═════ EXTRACTED INFORMATION
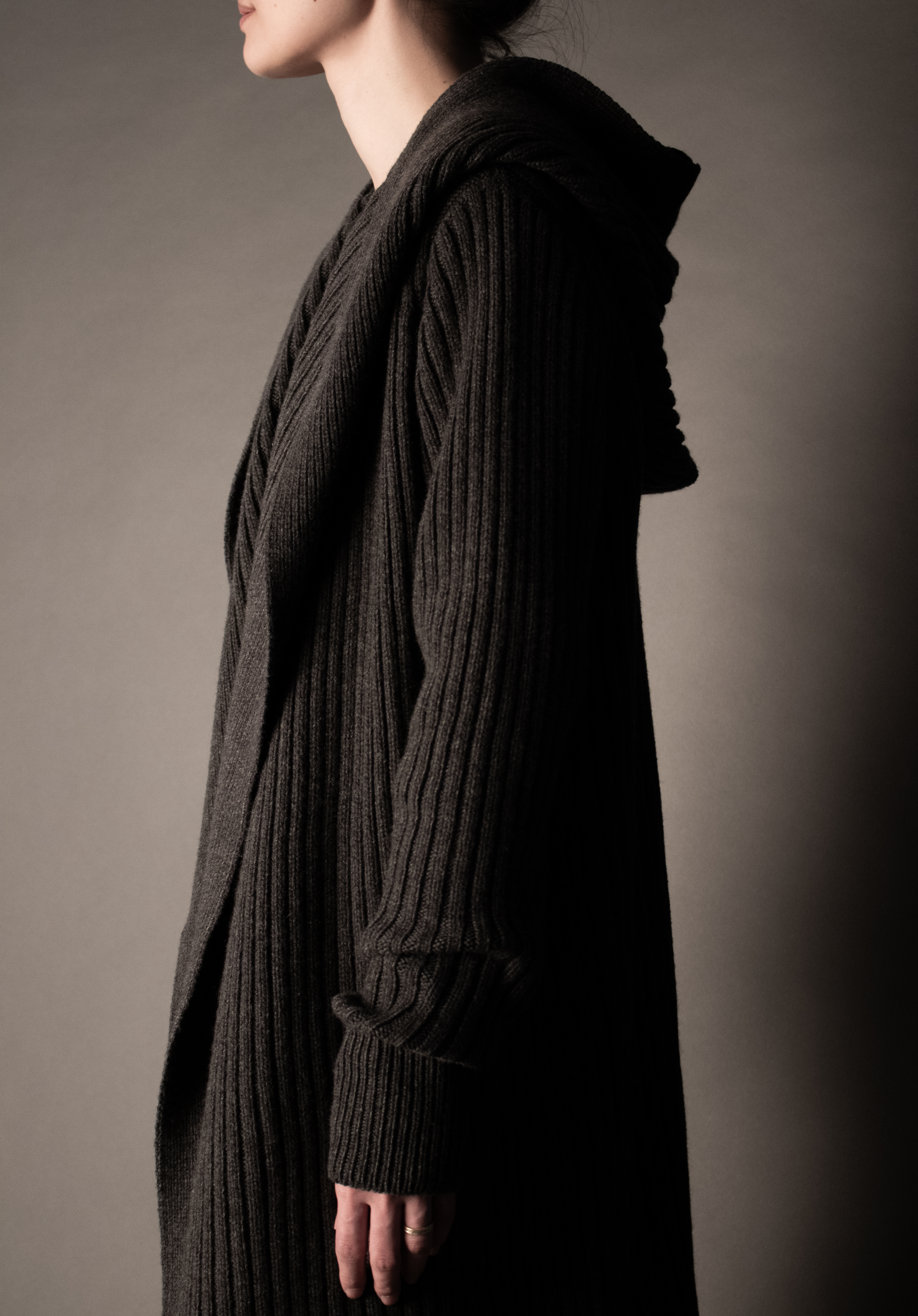 Hooded Ribbing Open Coat
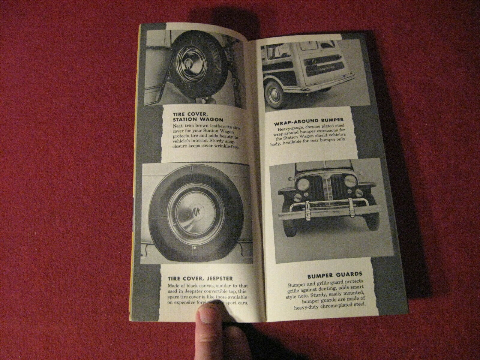 “Up tonight I have the beginning of a collection of literature I just acquired. Here I have a Genuine original 1950? Willys Sales brochure. This is about 4 by 9 and 1/4 inches with around 22 pages. Fair shape with some wear and deterioration to the covers as shown. This is a neat piece of Advertising to display with your classic. As with all my parts, if you feel it has an issue once you receive it, please contact me to have it resolved.
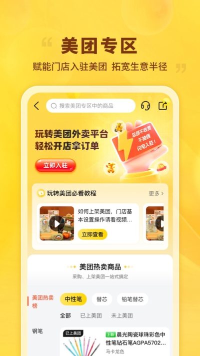 5、一键下单打通厂家库存与物流供应链,一键下单补单,坐享好货上门。 晨光联盟在手,文具生意无忧。
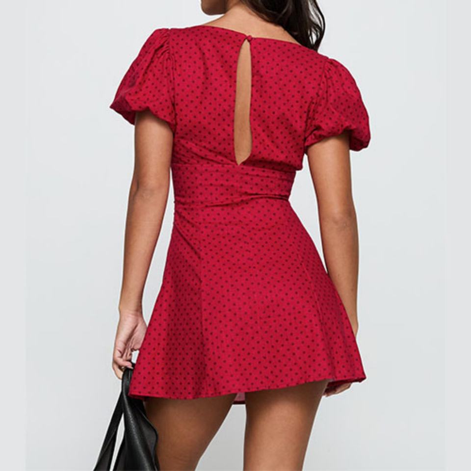 เดรสสั้นผู้หญิงแบบใหม่ แต่งลูกไม้เว้าคอวี เซ็กซี่ แขนพองสั้น สีแดง ผ้าฝ้ายเนื้อนุ่ม ลายจุด เหมาะสำหรับงานปาร์ตี้ริมชายหาด
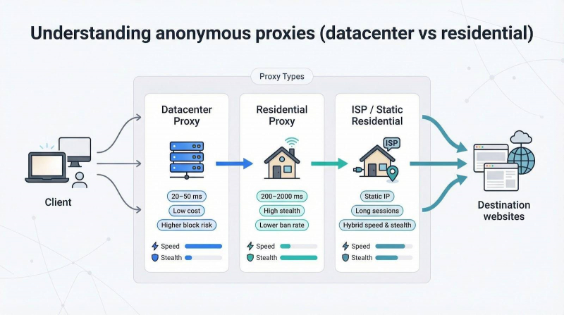 ● Choose datacenter proxies when volume and speed outweigh camouflage.
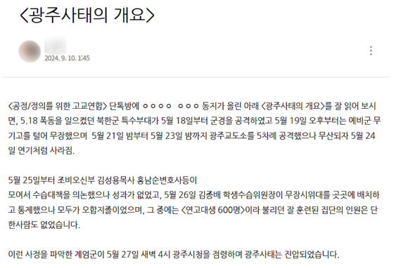 며칠 뒤 다른 글에서는 "5·18은 북괴가 전면 남침의 '마중물' 수단으로 일으켰다"는 허위사실도 퍼뜨렸습니다.
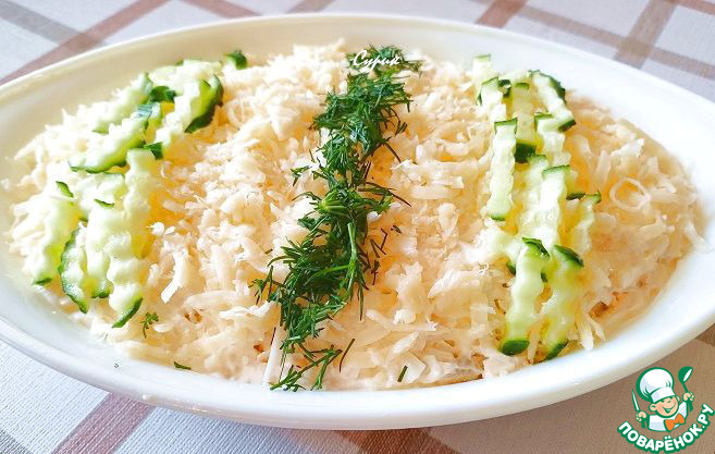 Сыр так же натираем на мелкой терке. Дальше выкладываем слоями начиная снизу:
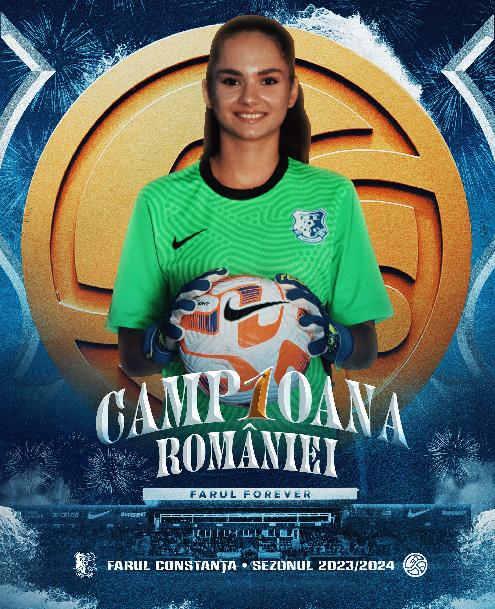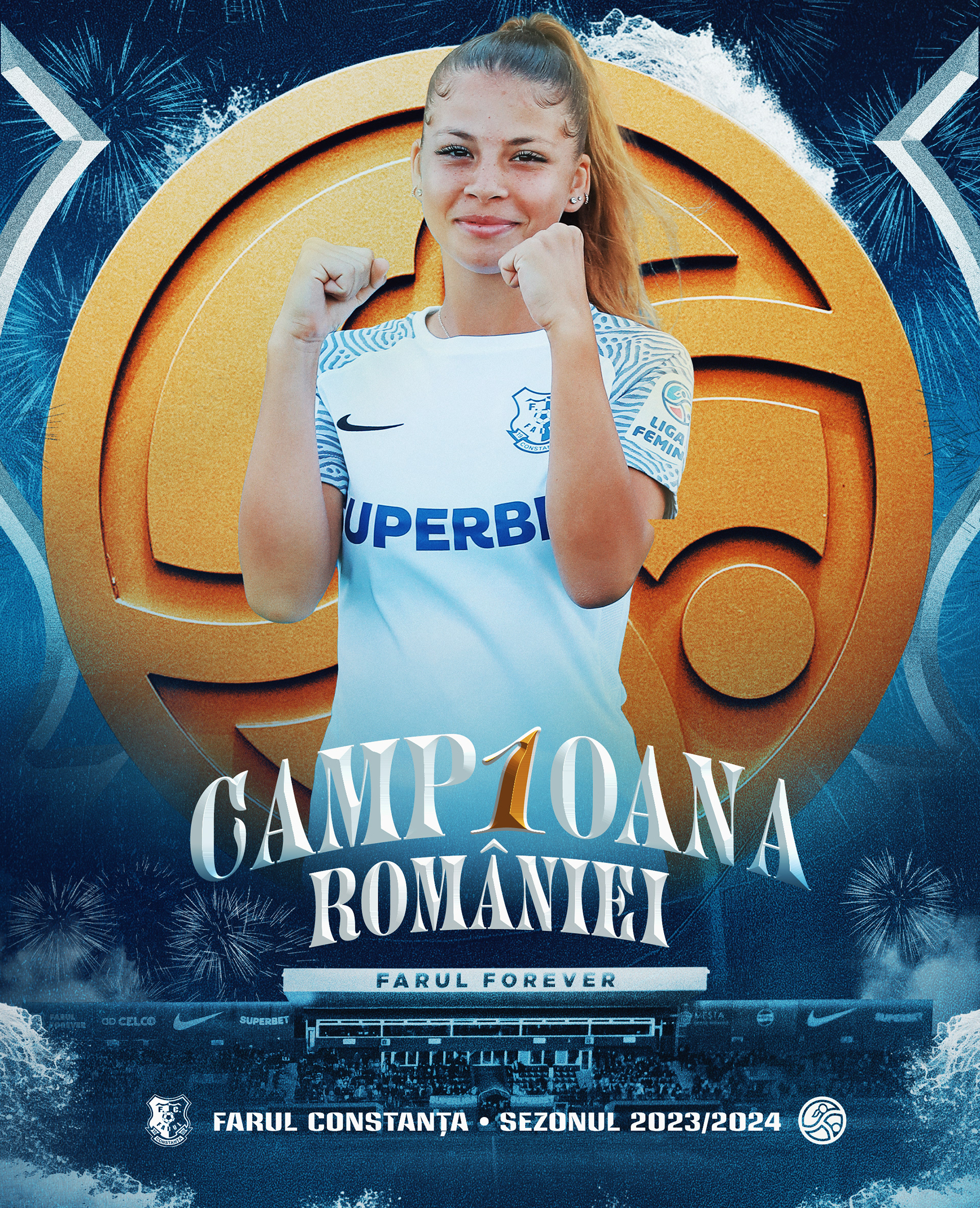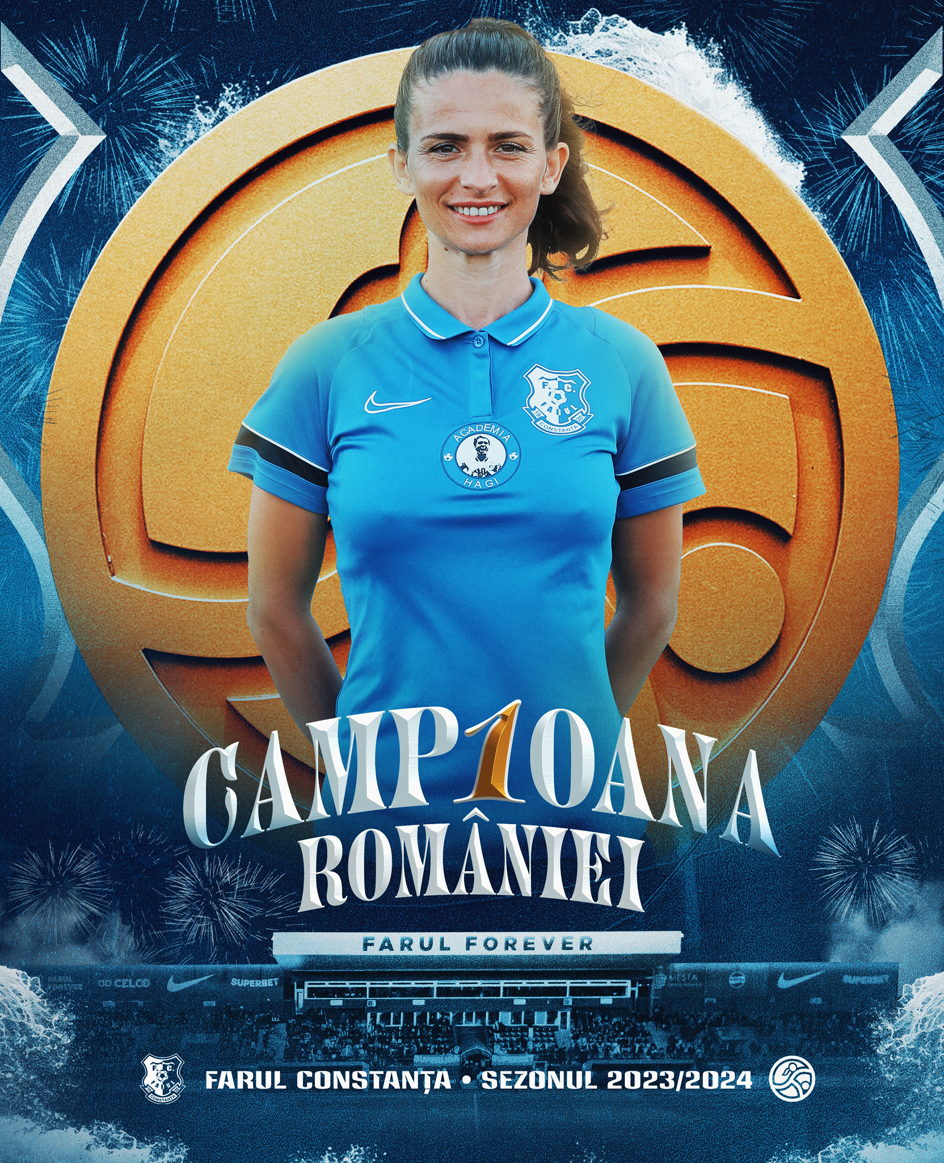 Context: Creation and execution of the complete art direction for the celebrations marking Farul Constanta Women’s historic Superliga Feminina title in the 2023/2024 season. An all-encompassing art direction, including the creation of various graphic assets to be featured across multiple platforms and media channels. The project includes digital communication on social media, official merchandise, LED graphics at the stadium, and more.
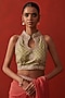 Featuring a green blouse in bandhani silk base with gota, marodi, resham and thread embroidery, including a halter neckline. Accentuate it with a saree, dangler earrings and heels for a festive occasion or sangeet ceremony.
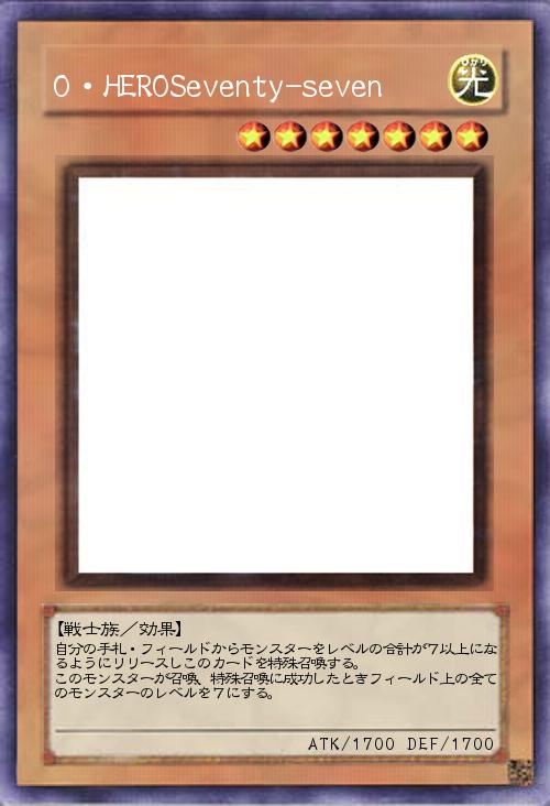 | 自分の手札・フィールドからモンスターをレベルの合計が7以上になるようにリリースしこのカードを特殊召喚する。 このモンスターが召喚、特殊召喚に成功したときフィールド上の全てのモンスターのレベルを7にする。 | |||
══════════
Look above for the line with "เดรสสั้นผู้หญิงแบบใหม่ แต่งลูกไม้เว้าคอวี เซ็กซี่", then give again exactly every line from there through the line with "Context: Creation and", skipping the pictures.

> _SOLUTION TO THIS EXERCISE_
 เดรสสั้นผู้หญิงแบบใหม่ แต่งลูกไม้เว้าคอวี เซ็กซี่ แขนพองสั้น สีแดง ผ้าฝ้ายเนื้อนุ่ม ลายจุด เหมาะสำหรับงานปาร์ตี้ริมชายหาด
 ● Choose datacenter proxies when volume and speed outweigh camouflage.
 며칠 뒤 다른 글에서는 "5·18은 북괴가 전면 남침의 '마중물' 수단으로 일으켰다"는 허위사실도 퍼뜨렸습니다.
 Сыр так же натираем на мелкой терке. Дальше выкладываем слоями начиная снизу:
 Context: Creation and execution of the complete art direction for the celebrations marking Farul Constanta Women’s historic Superliga Feminina title in the 2023/2024 season. An all-encompassing art direction, including the creation of various graphic assets to be featured across multiple platforms and media channels. The project includes digital communication on social media, official merchandise, LED graphics at the stadium, and more.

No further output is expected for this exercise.